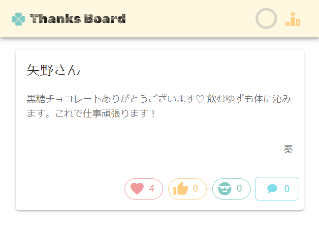 カードだけでなく、リアクションを送ったり、コメントを送るなど独自の機能を付けた、楽しく使えるように工夫されています。
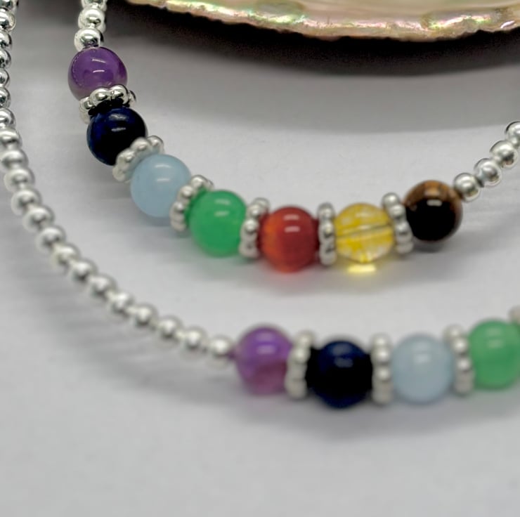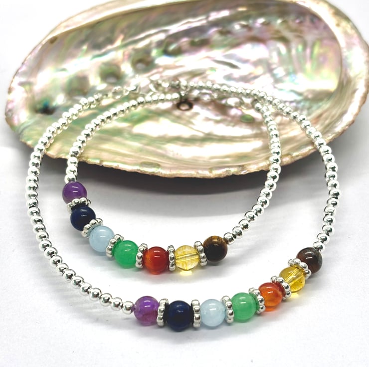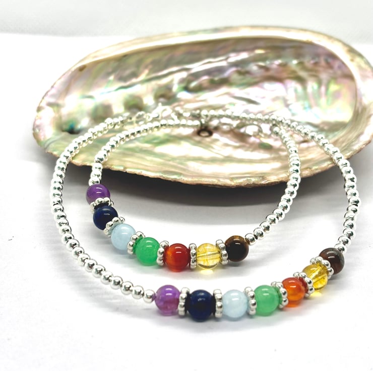 Made with 3mm Sterling silver beads and 6mm Gemstones for each chakra
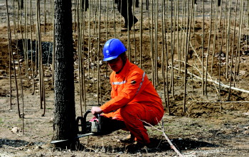 供电部门工作人员清除电力线路保护区内违章种植树木。 通讯员 崔磊 摄
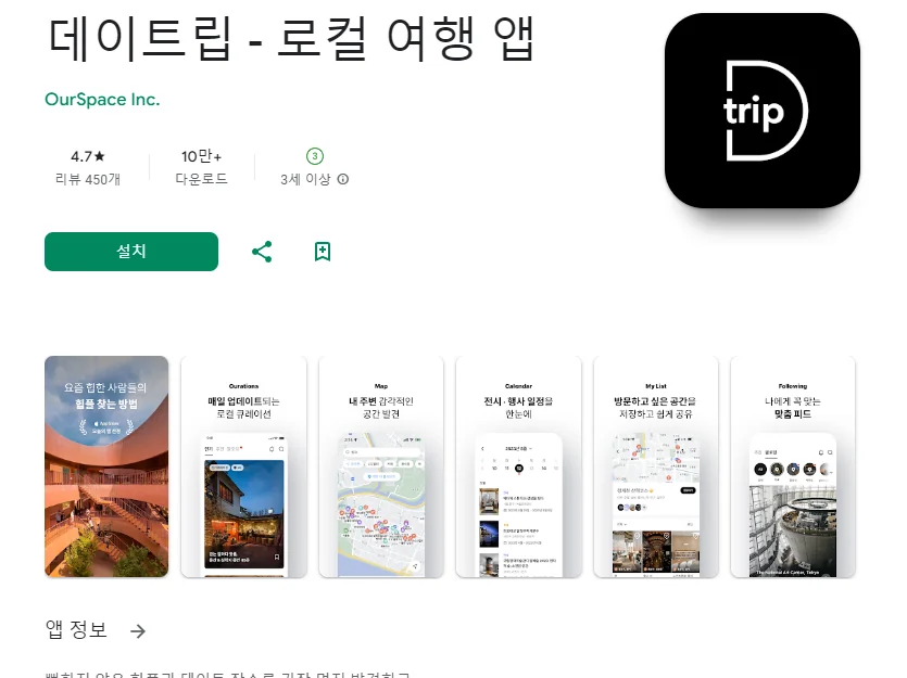 이 어플은 구글플레이스토어에서 "데이트 코스 추천"로 검색했을때 3번째로 나오는 어플입니다. 아래는 데이트립 - 로컬 여행 앱 어플에 대한 자세한 설명이니 참고하세요.
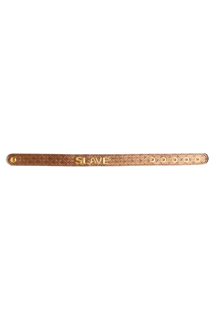 Add some color to your BDSM collection with the new ‘Bronze’ selection of whips, masks, and accessories! This X-Play ‘SLAVE’ Bronze BDSM Collar features a subjection collar with raised lettering ‘SLAVE’ over a bronze quilted collar. Pair with other bronze BDSM accessories from our collection!
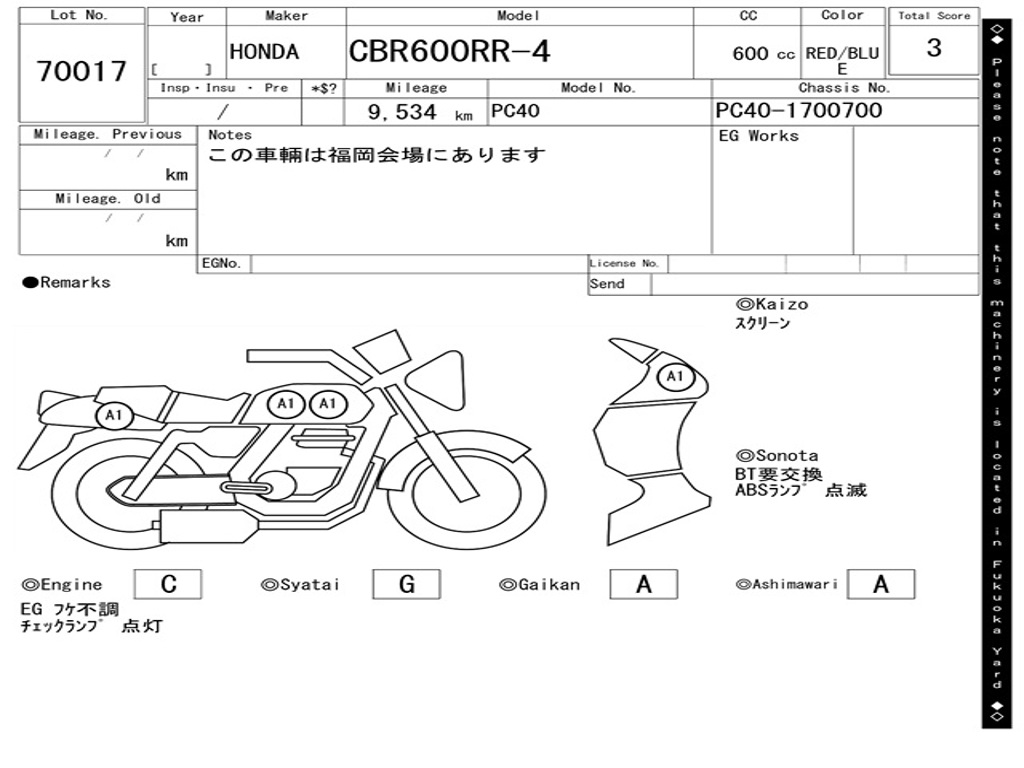 | Номер рамы / VIN | PC40-1700700 |
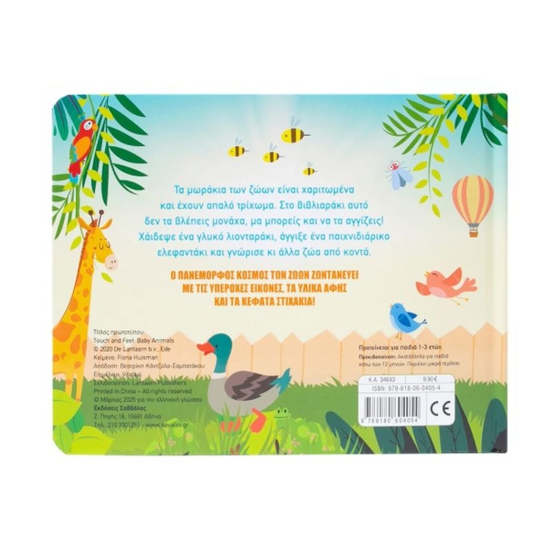 Τα μωράκια των ζώων είναι χαριτωμένα και έχουν απαλό τρίχωμα. Στο βιβλιαράκι αυτό δεν τα βλέπεις μονάχα, μα μπορείς και να τα αγγίζεις! Χάιδεψε ένα γλυκό λιονταράκι, άγγιξε ένα παιχνιδιάρικο ελεφαντάκι και γνώρισε κι άλλα ζώα από κοντά. Ο πανέμορφος κόσμος των ζώων ζωντανεύει με τις υπέροχες εικόνες, τα υλικά αφής και τα κεφάτα στιχάκια!
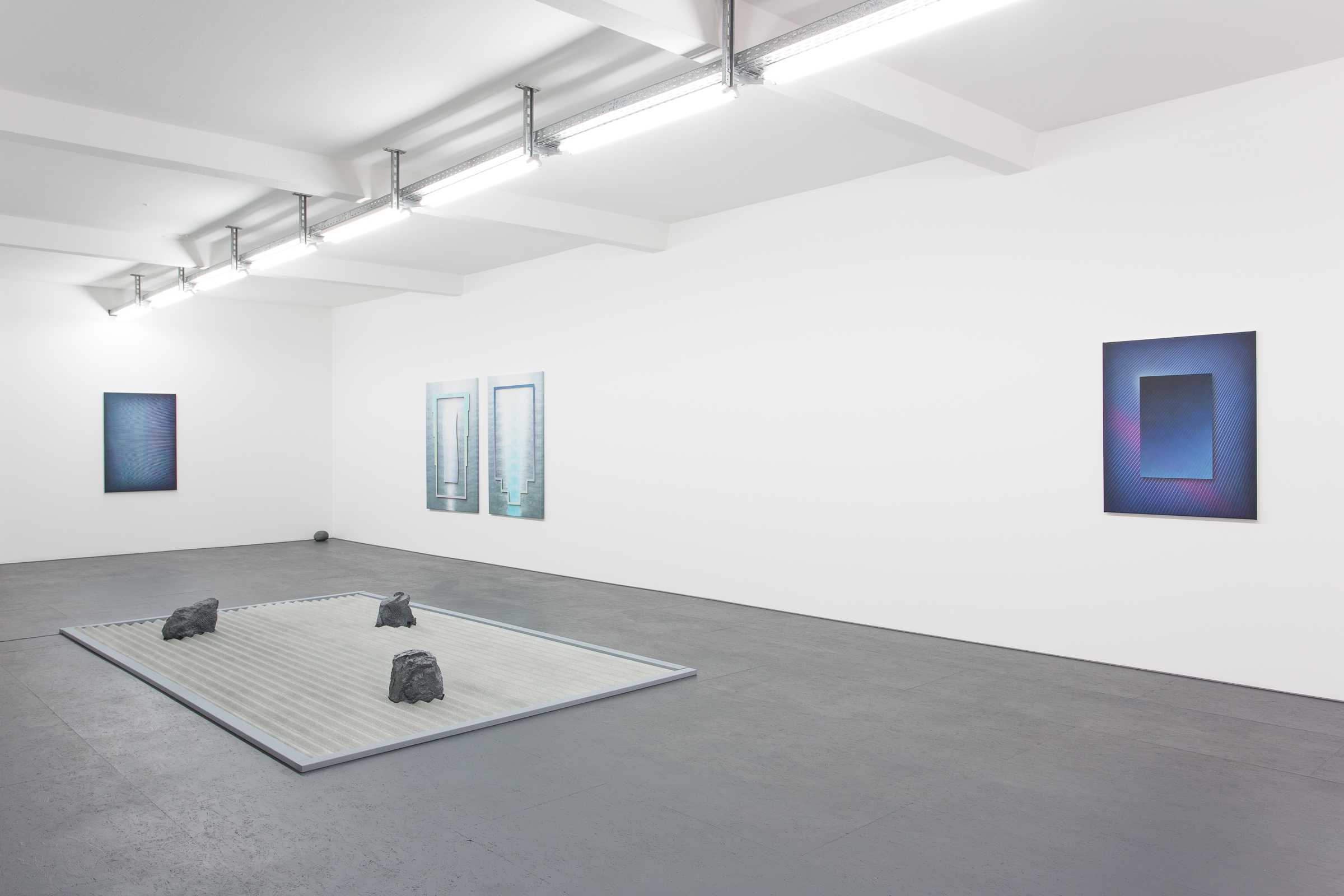 In *Atavistic Zen*, his fourth solo presentation at DUVE Berlin, Evan Gruzis considers the frame as subject within the transformation of his own process. Inspired by Dōgen Zenji, the Japanese Zen Buddhist teacher, Gruzis creates a unique body of work that explores the visualization of tension found in chaos and the more calculable wave form. *Atavistic Zen* showcases Gruzis's recent experimentation with materials.  Textile dyeing techniques are incorporated into his canvases and his works on paper reveal an acute focus on surface and texture. The sound sculpture, *Modulation Garden*, plays with the use of recording effects to create hypnotic overlapping rhythms that are both an aural counterpart to his paintings and an homage to Berlin's minimal dub techno tradition.

* _What is required_: The reply should consist only of the lines running from the one with "Τα μωράκια των" through the end of the material, both included, copied exactly; please omit pictures.

* _Expected output_:
 Τα μωράκια των ζώων είναι χαριτωμένα και έχουν απαλό τρίχωμα. Στο βιβλιαράκι αυτό δεν τα βλέπεις μονάχα, μα μπορείς και να τα αγγίζεις! Χάιδεψε ένα γλυκό λιονταράκι, άγγιξε ένα παιχνιδιάρικο ελεφαντάκι και γνώρισε κι άλλα ζώα από κοντά. Ο πανέμορφος κόσμος των ζώων ζωντανεύει με τις υπέροχες εικόνες, τα υλικά αφής και τα κεφάτα στιχάκια!
 In *Atavistic Zen*, his fourth solo presentation at DUVE Berlin, Evan Gruzis considers the frame as subject within the transformation of his own process. Inspired by Dōgen Zenji, the Japanese Zen Buddhist teacher, Gruzis creates a unique body of work that explores the visualization of tension found in chaos and the more calculable wave form. *Atavistic Zen* showcases Gruzis's recent experimentation with materials.  Textile dyeing techniques are incorporated into his canvases and his works on paper reveal an acute focus on surface and texture. The sound sculpture, *Modulation Garden*, plays with the use of recording effects to create hypnotic overlapping rhythms that are both an aural counterpart to his paintings and an homage to Berlin's minimal dub techno tradition.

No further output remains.